• [REQUIRED WORK] Each line of the material below with the word "been" is to be reported.

• [RECORDS FOR PROCESSING]
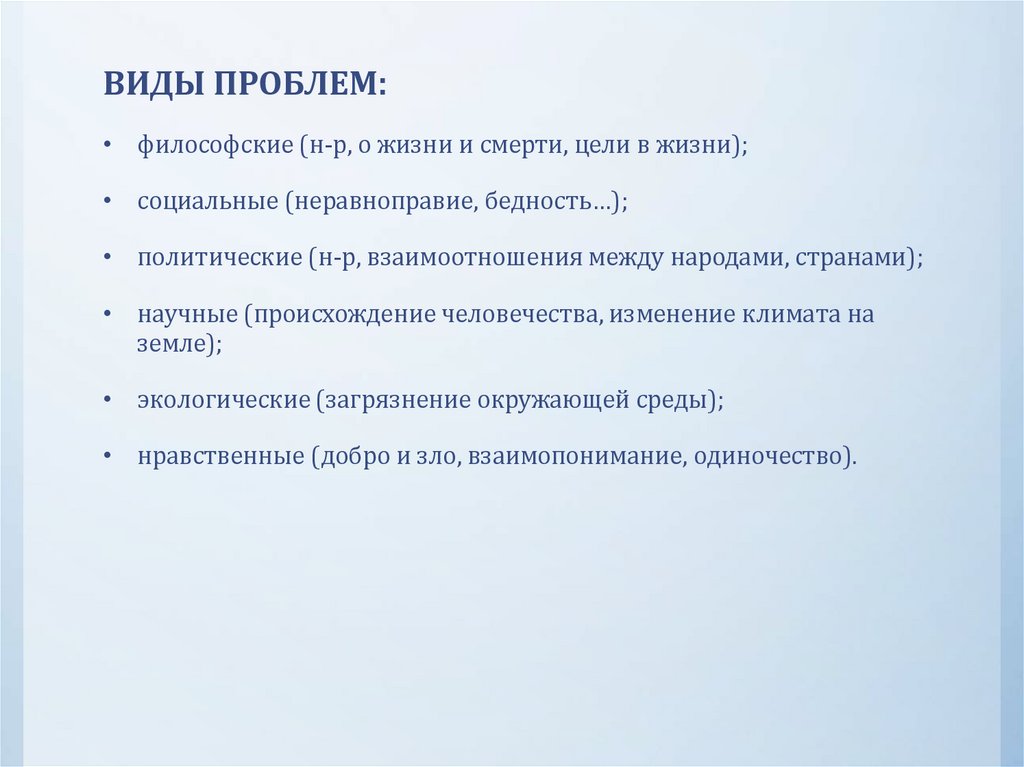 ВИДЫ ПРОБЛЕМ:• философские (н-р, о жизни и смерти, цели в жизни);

==

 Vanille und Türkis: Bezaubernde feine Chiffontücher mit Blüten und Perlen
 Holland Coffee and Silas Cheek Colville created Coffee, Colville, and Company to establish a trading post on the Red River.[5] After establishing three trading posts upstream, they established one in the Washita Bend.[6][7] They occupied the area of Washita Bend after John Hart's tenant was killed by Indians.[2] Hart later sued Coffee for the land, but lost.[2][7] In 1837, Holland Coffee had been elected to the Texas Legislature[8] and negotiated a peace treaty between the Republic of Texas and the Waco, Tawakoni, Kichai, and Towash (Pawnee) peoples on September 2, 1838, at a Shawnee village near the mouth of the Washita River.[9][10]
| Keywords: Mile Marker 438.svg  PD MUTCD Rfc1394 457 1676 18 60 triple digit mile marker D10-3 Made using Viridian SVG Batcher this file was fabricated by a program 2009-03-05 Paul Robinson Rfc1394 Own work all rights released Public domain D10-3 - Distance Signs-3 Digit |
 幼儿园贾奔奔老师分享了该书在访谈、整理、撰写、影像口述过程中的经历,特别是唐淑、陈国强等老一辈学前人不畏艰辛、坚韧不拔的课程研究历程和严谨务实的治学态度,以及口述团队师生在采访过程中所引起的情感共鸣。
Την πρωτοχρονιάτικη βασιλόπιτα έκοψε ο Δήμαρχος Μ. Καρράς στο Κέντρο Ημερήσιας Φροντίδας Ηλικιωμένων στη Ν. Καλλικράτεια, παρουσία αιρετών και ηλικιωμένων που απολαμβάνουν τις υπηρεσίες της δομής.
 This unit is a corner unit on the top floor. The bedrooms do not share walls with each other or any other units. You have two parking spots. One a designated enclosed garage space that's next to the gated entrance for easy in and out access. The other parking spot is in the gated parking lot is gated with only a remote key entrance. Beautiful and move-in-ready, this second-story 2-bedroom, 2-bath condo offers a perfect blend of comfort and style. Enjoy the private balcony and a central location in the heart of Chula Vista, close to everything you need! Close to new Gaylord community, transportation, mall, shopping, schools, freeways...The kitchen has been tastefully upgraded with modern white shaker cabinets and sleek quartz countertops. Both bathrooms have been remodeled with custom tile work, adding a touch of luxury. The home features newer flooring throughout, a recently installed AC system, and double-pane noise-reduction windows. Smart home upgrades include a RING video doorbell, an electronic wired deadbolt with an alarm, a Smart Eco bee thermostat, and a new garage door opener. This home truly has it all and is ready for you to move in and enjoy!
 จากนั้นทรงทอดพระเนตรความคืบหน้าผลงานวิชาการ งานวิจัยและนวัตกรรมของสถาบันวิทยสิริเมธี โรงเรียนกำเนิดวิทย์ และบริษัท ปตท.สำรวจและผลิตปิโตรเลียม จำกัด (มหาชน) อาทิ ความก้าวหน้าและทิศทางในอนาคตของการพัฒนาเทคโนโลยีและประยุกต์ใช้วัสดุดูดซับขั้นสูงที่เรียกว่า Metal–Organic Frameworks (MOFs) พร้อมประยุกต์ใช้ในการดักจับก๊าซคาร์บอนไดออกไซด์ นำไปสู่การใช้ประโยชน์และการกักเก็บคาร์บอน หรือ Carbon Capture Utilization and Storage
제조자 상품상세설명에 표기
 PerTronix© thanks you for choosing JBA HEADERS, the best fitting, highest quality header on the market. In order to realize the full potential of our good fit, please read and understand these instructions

---

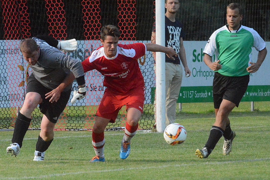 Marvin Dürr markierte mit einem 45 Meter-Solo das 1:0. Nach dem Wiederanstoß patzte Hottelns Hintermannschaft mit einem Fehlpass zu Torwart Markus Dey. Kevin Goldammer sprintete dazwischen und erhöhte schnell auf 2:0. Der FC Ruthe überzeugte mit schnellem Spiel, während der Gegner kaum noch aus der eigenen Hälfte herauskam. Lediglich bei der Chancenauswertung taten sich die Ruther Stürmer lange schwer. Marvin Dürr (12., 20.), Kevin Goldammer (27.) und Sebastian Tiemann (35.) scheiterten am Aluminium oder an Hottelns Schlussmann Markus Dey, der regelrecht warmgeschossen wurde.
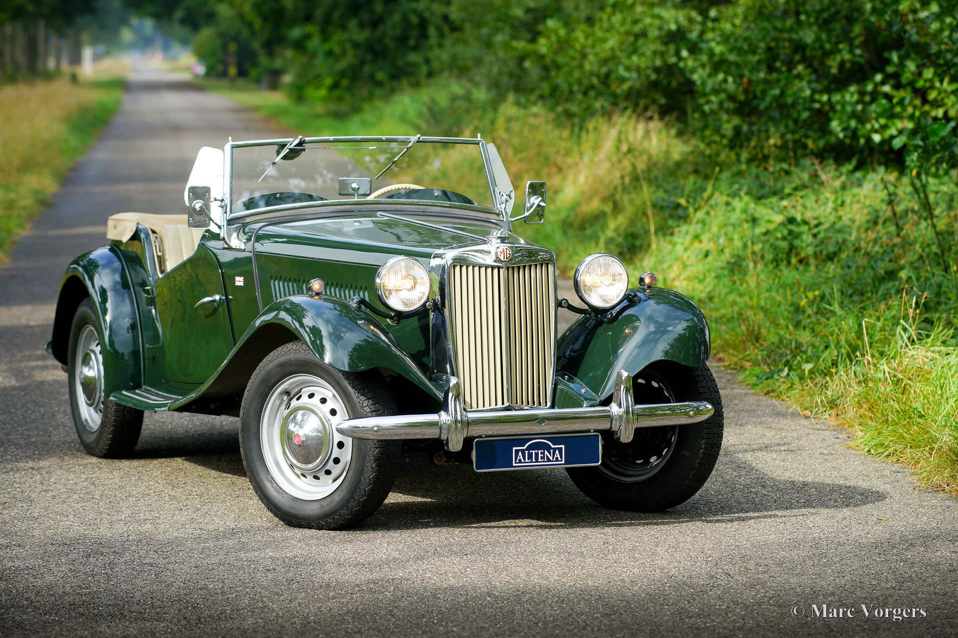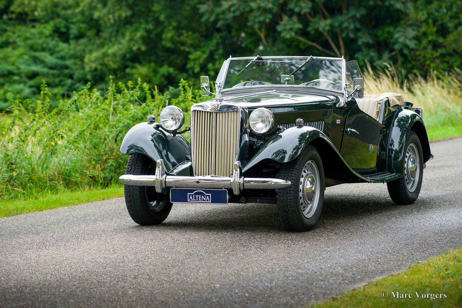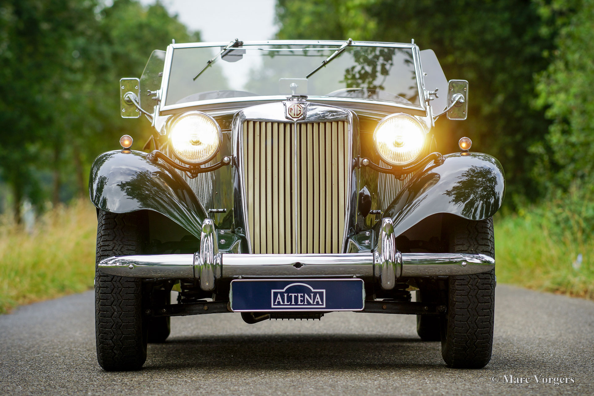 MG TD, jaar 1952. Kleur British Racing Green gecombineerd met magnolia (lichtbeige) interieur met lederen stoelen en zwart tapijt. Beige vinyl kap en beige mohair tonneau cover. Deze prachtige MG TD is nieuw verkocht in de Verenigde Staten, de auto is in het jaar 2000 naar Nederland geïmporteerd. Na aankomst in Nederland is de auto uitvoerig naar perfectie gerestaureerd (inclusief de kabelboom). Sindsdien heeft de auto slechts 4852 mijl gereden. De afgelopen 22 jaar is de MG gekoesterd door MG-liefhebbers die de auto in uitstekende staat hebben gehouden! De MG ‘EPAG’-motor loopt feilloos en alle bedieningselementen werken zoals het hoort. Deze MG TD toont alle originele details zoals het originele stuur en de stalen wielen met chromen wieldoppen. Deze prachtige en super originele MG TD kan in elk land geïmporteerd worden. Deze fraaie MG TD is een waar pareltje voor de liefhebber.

• [SOLUTION TO THIS PROBLEM]
 Holland Coffee and Silas Cheek Colville created Coffee, Colville, and Company to establish a trading post on the Red River.[5] After establishing three trading posts upstream, they established one in the Washita Bend.[6][7] They occupied the area of Washita Bend after John Hart's tenant was killed by Indians.[2] Hart later sued Coffee for the land, but lost.[2][7] In 1837, Holland Coffee had been elected to the Texas Legislature[8] and negotiated a peace treaty between the Republic of Texas and the Waco, Tawakoni, Kichai, and Towash (Pawnee) peoples on September 2, 1838, at a Shawnee village near the mouth of the Washita River.[9][10]
 This unit is a corner unit on the top floor. The bedrooms do not share walls with each other or any other units. You have two parking spots. One a designated enclosed garage space that's next to the gated entrance for easy in and out access. The other parking spot is in the gated parking lot is gated with only a remote key entrance. Beautiful and move-in-ready, this second-story 2-bedroom, 2-bath condo offers a perfect blend of comfort and style. Enjoy the private balcony and a central location in the heart of Chula Vista, close to everything you need! Close to new Gaylord community, transportation, mall, shopping, schools, freeways...The kitchen has been tastefully upgraded with modern white shaker cabinets and sleek quartz countertops. Both bathrooms have been remodeled with custom tile work, adding a touch of luxury. The home features newer flooring throughout, a recently installed AC system, and double-pane noise-reduction windows. Smart home upgrades include a RING video doorbell, an electronic wired deadbolt with an alarm, a Smart Eco bee thermostat, and a new garage door opener. This home truly has it all and is ready for you to move in and enjoy!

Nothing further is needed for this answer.